# Redwood soffit (exterior)



## Skip (Dec 4, 2011)

Any suggestions for a semigloss clear coat to put on exterior redwood soffit??? I was thinking of Mccloskeys spar varnish (oil)??? Any input appreciated - Thanks


----------



## Gough (Nov 24, 2010)

Having had to strip my share of varnished soffits, I'd suggest you go another direction...any other direction. My first inclination would be to take a look at Sikkens or a semi-transparent stain, but I'm sure there are others here who are familiar with a wider range of materials.


----------



## Jmayspaint (Mar 26, 2013)

The best clear I ever used on wood soffits (pine) was Sikkens TGl satin. They have renamed it now to 'Door and Window, I think. Nine years later it still looks great. 

The Sikkens maintaince is clear too, but not made to go directly on raw wood. 

Spar wouldn't be my first choice either. Although I'm not farmillar with Mccloskeys.


----------



## Gough (Nov 24, 2010)

Jmayspaint said:


> The best clear I ever used on wood soffits (pine) was Sikkens TGl satin. They have renamed it now to 'Door and Window, I think. Nine years later it still looks great.
> 
> The Sikkens maintaince is clear too, but not made to go directly on raw wood.
> 
> Spar wouldn't be my first choice either. Although I'm not farmillar with Mccloskeys.
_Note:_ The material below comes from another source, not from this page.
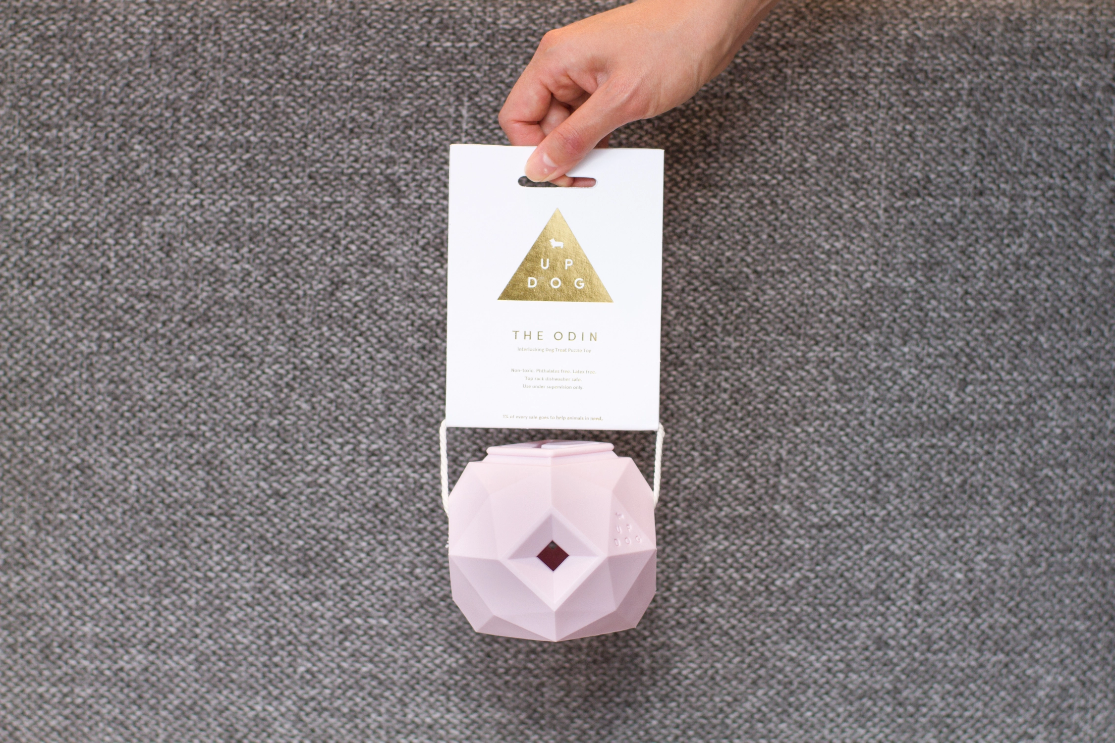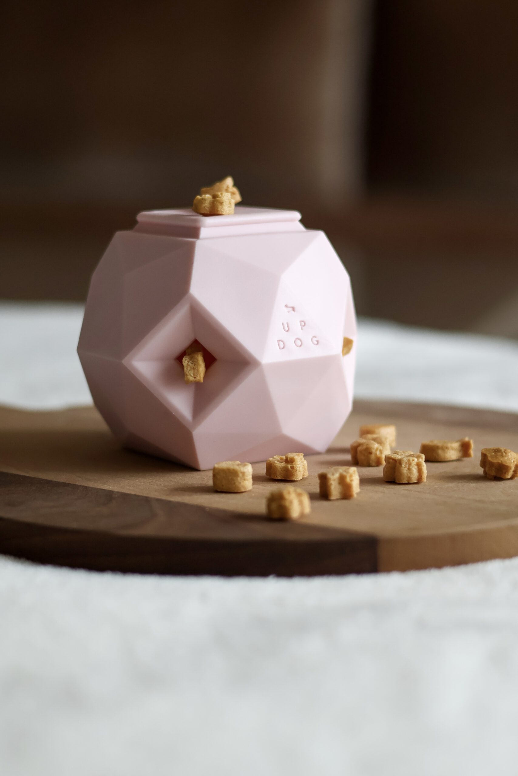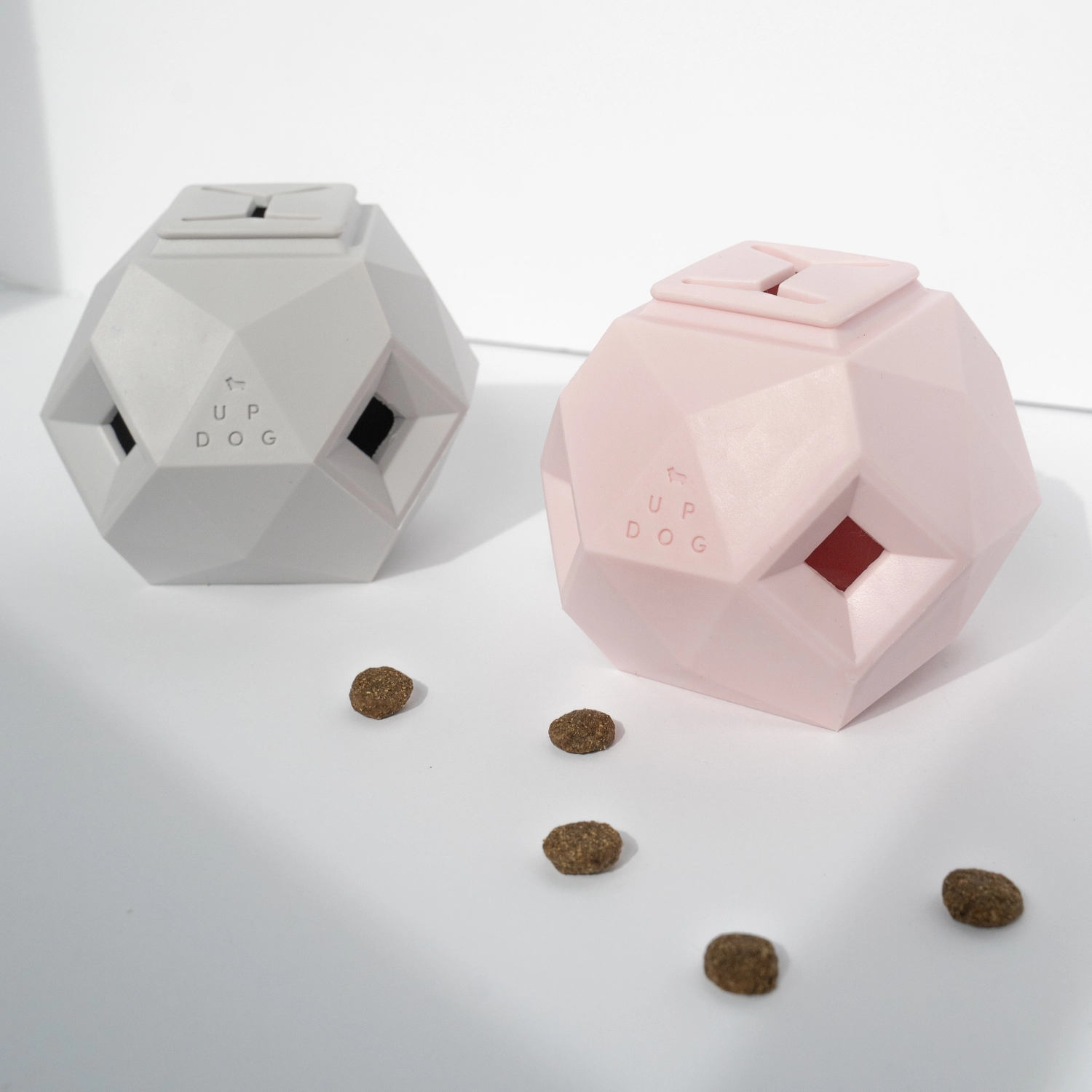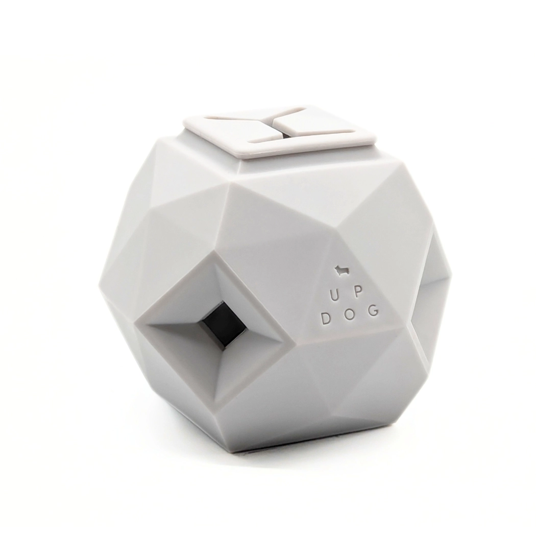 A treat dispensing enrichment dog toy with a modern, modular design. Put treats into the flaps and let your dog toss and roll The Odin to get treats out. Attach 2 or more The Odin toys to keep the toy interactive and change the way your dog interacts with the toy.

The best part about Door and Window is the maintenance coats: wash, let dry, re-coat. Spar varnish, including McCloskey's is an entirely different story; one that doesn't have a happy ending.


----------



## MikeCalifornia (Aug 26, 2012)

I would just coat it with a deck material, clear or toner. It will never see the light of day, so you won't have to worry about it wearing out and they are DTW.


----------